AI-generated text detection suffers from poor cross-domain and cross-model generalization. Method: This paper proposes a lightweight detection approach based on modeling token-level perplexity distributions using large language models (LLMs). It introduces a perplexity-aware attention weighting mechanism that dynamically modulates hidden states and positional encodings according to token-level prediction difficulty, and integrates distributional features—including entropy, perplexity, and top-k confidence—while abandoning conventional mean pooling in favor of hidden-state caching to reduce training overhead. The method employs only a lightweight fully connected network, with parameters amounting to merely a fraction (1/10–1/30) of state-of-the-art fine-tuned models. Contribution/Results: Evaluated across nine languages, it achieves a macro-F1 score of 81.46%, significantly improving zero-shot transferability, multilingual robustness, and adversarial stability. Moreover, it yields more interpretable decision boundaries and superior generalization performance.

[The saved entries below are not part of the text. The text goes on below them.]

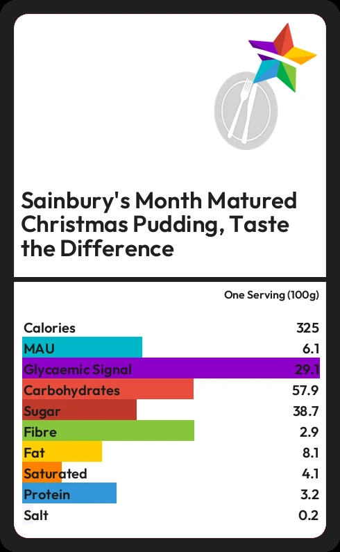 Sainbury's Month Matured Christmas Pudding, Taste the Difference contains 325 calories in one Serving (100g).
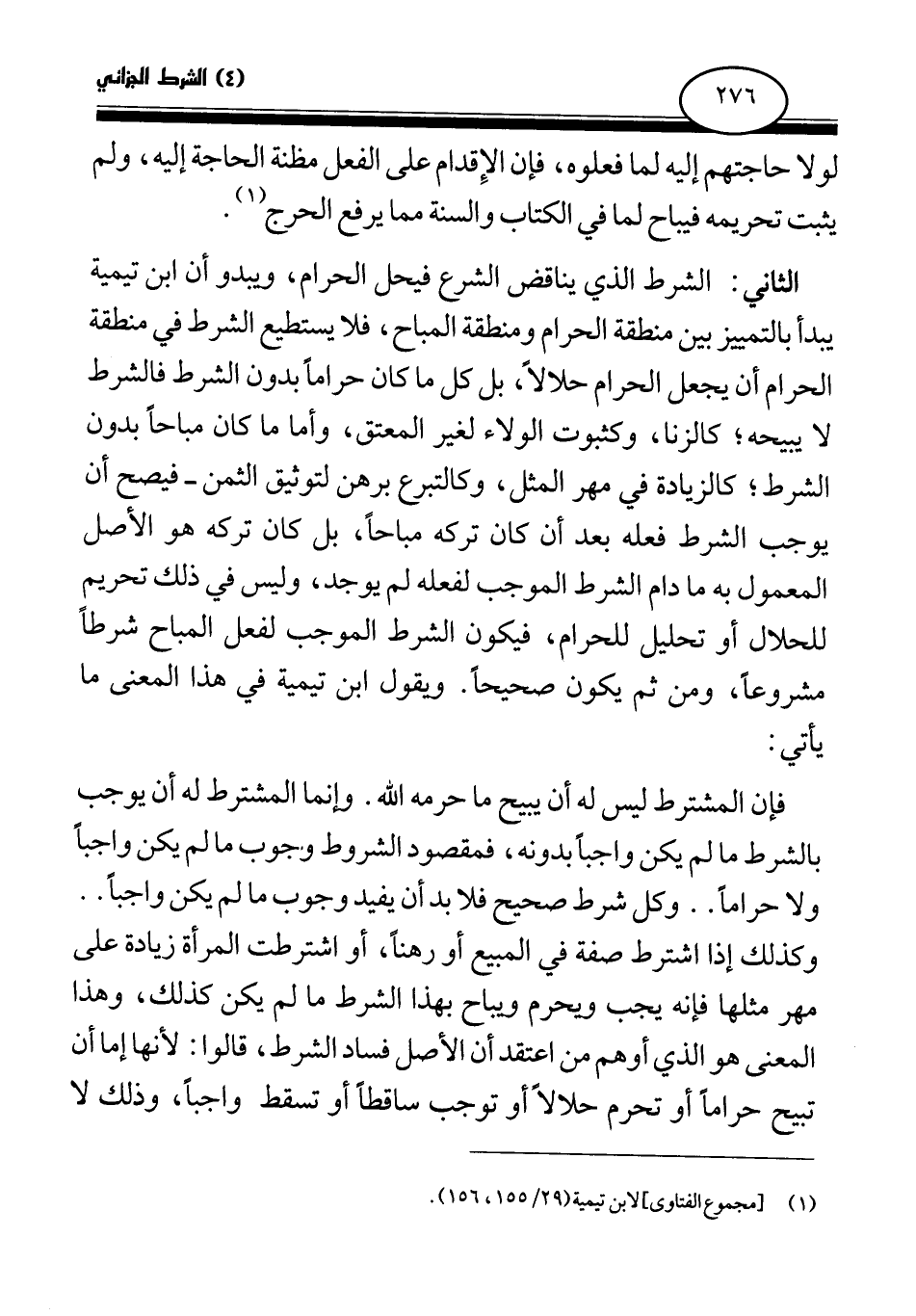 الثاني: الشرط الذي يناقض الشرع فيحل الحرام، ويبدو أن ابن تيمية يبدأ بالتمييز بين منطقة الحرام ومنطقة المباح، فلا يستطيع الشرط في منطقة الحرام أن يجعل الحرام حلالا، بل كل ما كان حراما بدون الشرط فالشرط لا يبيحه، كالزنا، وكثبوت الولاء لغير المعتق، وأما ما كان مباحا بدون الشرط؛ كالزيادة في مهر المثل، وكالتبرع برهن لتوثيق الثمن- فيصح أن يوجب الشرط فعله بعد أن كان تركه مباحا، بل كان تركة هو الأصل المعمول به ما دام الشرط الموجب لفعله لم يوجد، وليس في ذلك تحريم للحلال أو تحليل للحرام، فيكون الشرط الموجب لفعل المباح شرطا مشروعا، ومن ثم يكون صحيحا. ويقول ابن تيمية في هذا المعنى ما يأتي:
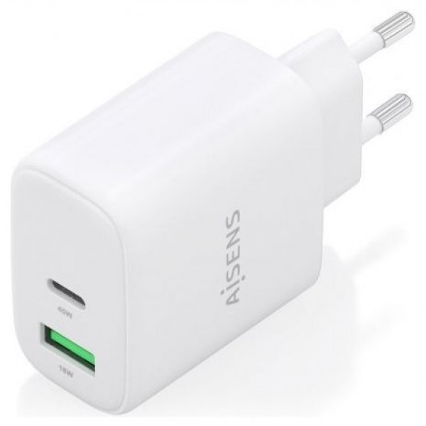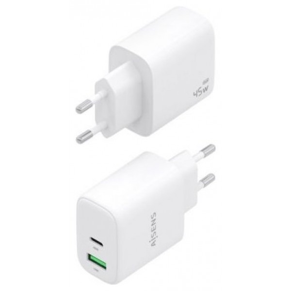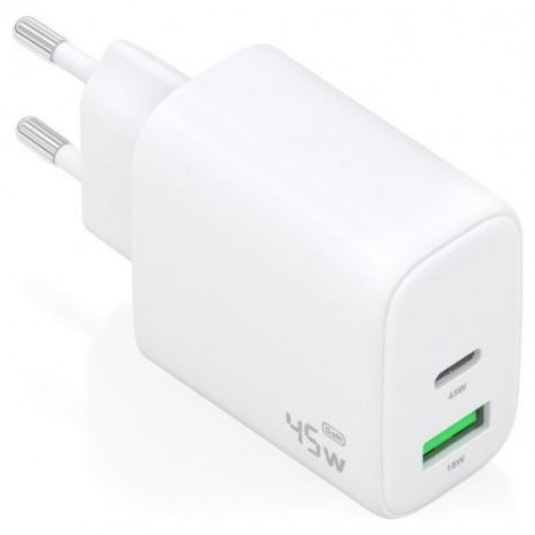 A110-0971 – Cargador GaN 45W, 1xUSB-C PD3.0 QC4.0, 1xUSB-A QC3.0, Blanco

The rapid advancement in large language models (LLMs) has significantly enhanced their ability to generate coherent and contextually relevant text, raising concerns about the misuse of AI-generated content and making it critical to detect it. However, the task remains challenging, particularly in unseen domains or with unfamiliar LLMs. Leveraging LLM next-token distribution outputs offers a theoretically appealing approach for detection, as they encapsulate insights from the models' extensive pre-training on diverse corpora. Despite its promise, zero-shot methods that attempt to operationalize these outputs have met with limited success. We hypothesize that one of the problems is that they use the mean to aggregate next-token distribution metrics across tokens, when some tokens are naturally easier or harder to predict and should be weighted differently. Based on this idea, we propose the Perplexity Attention Weighted Network (PAWN), which uses the last hidden states of the LLM and positions to weight the sum of a series of features based on metrics from the next-token distribution across the sequence length. Although not zero-shot, our method allows us to cache the last hidden states and next-token distribution metrics on disk, greatly reducing the training resource requirements. PAWN shows competitive and even better performance in-distribution than the strongest baselines (fine-tuned LMs) with a fraction of their trainable parameters. Our model also generalizes better to unseen domains and source models, with smaller variability in the decision boundary across distribution shifts. It is also more robust to adversarial attacks, and if the backbone has multilingual capabilities, it presents decent generalization to languages not seen during supervised training, with LLaMA3-1B reaching a mean macro-averaged F1 score of 81.46% in cross-validation with nine languages.